It is Friday morning and we are getting hit with A LOT of snow. Therefore, my entire family is home. They closed the kids’ and my school district and hubby is working from home.
This was a very happy snow day because they called it the evening before– so all alarm clocks were turned off and we relished the thought of a three day weekend.
Only, as I stood in the kitchen making dinner, I didn’t feel happy. Do you know that nagging thought in the back of your head when something is bugging you greatly or when something has gone wrong? I had that thought & it overshadowed any joyful thoughts. I consciously wondered why I felt like that– nothing major is going wrong in my life– maybe just an accumulation of small things.
For instance, I’m in a situation at work where I have to have an uncomfortable conversation with another adult. I’m not looking forward to it and have been putting it off all week. It’s something that I really shouldn’t have to deal with, but my principal is slightly lackadaisical, so some of these issues fall on my shoulders– at least if I want them to get resolved. Now I’ve put it off another day and will have to anticipate it going into a new week.
There are a few other things going on, similar to this but not work related. I won’t bore you with details– they’re nothing major– just little things that create stress. They should get resolved soon but I don’t have control over them and that itself is creating stressful feelings.
There in the kitchen, as I thought more deeply about these things that are bugging me, I gave myself a pep talk. That did help my mindset.
I fell asleep ok, but woke up around 3 am and my mind was running. My body was exhausted due to a month long cold/virus I’ve been fighting and some insomnia this week– but my mind was wide open. Sometime in those early insomniac hours I realized what my big problem is: Mind. Body. Spirit.
Folks in recovery talk about the healing of the mind, body and spirit and how each is essential to overcome addiction and to live a happy life. I couldn’t agree more and usually do conscious and unconscious routines and rituals that support each of these areas. I realized that my mind, body and spirit were all in a state of negativity and distress– all three of them, and all at once. No WONDER I’ve been in a state of negativity– not just while making dinner– but for the past 2 weeks.
This cold/virus that has limited my energy, lack of exercise, not walking outside (due to the weather and my cold), not sleeping well (lack of exercise and not feeling well), not going to my 12 step meeting (due to family conflicts that were unavoidable), dark and dreary weather, cold and itchy skin, lack of fresh fruits and vegetables (produce choices have been awful at the store so I’ve been buying and eating less of the good stuff), work stress, and feeling disconnected with certain family members have all contributed to this state I’m in. And as I write this out, it is CLEAR how the mind-body-spirit health is ALL connected.
Now it’s time to kick negativity to the curb!
I researched this morning to find out how to grow and strengthen each area. This is what I NEED to do:
- Exercise. I’ve always known that this keeps me sane. I have to accept the fact that if I can’t run outside with my dog, I can still do a 20 minute treadmill walk/run and/or yoga routine. I HATE doing the treadmill because my pup just looks at me sadly the whole time and I feel like I’m betraying him. I will try to get out for a walk as soon as possible (when they clear the street after this storm) because there is great value for me to be outside.

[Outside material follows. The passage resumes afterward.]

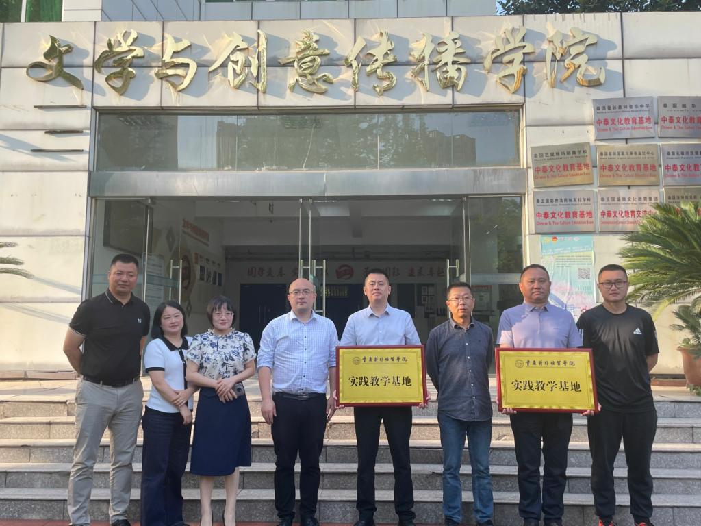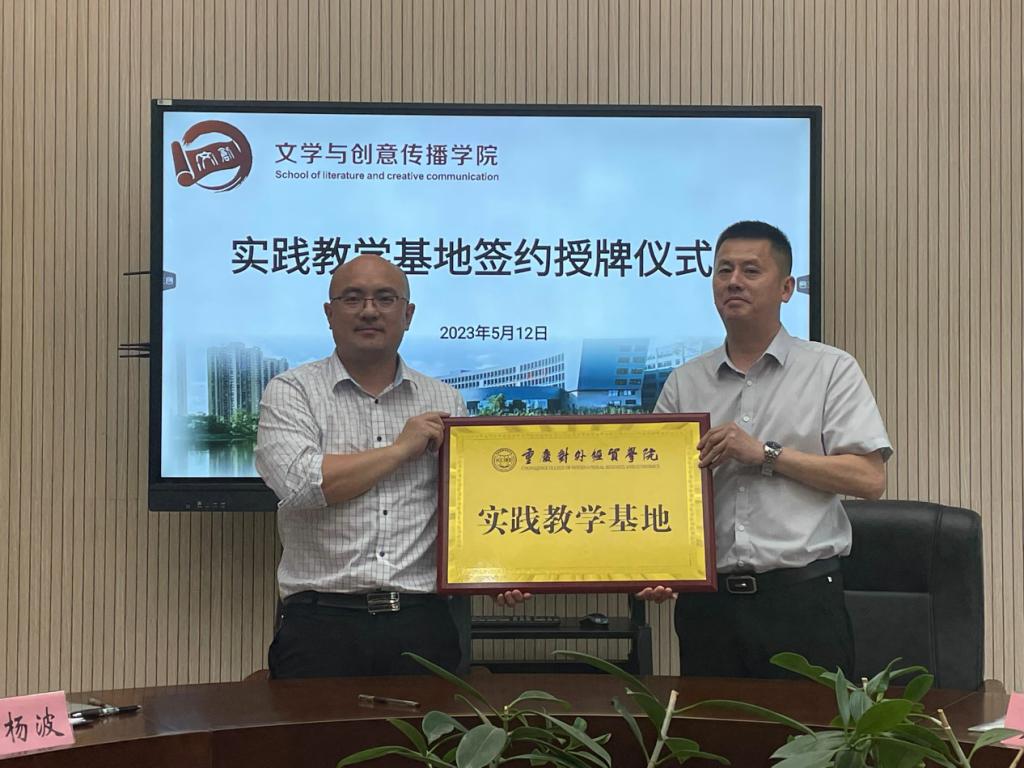 重庆对外经贸学院文学与创意传播学院于5月12日下午,在第九教学楼9104教室举行实践教学基地签约授牌暨客座教授聘任仪式。出席本次仪式的嘉宾有:涪陵第四中学校副校长卢晓清,涪陵第十九中学校副校长钟玉翔,奔行研学公司总经理余建军,重庆对外经贸学院教务处副处长彭高中,文学与创意传播学院党总支书记、代理院长何杨波,副院长陈寿琴,实践教学管理科科长郭峻辰,以及学院其他老师。本次授牌仪式由文学与创意传播学院代理院长何杨波主持。

- Meditate. I’ve failed at this many times. Each time I vow to spend even just 5 minutes per day, there just doesn’t seem to be time. I will make time–even if just 5 minutes!
- Diet. As spring gets closer, the produce will get better and it will be easier to eat whole foods. Until then, I will either get produce from a specialty store if I have the time or buy frozen if not. I NEED to get more produce into my diet– or at least start juicing again to get some of those nutrients.
- Vitamins. I will continue to be sure to take my daily regimen of vitamins and supplements.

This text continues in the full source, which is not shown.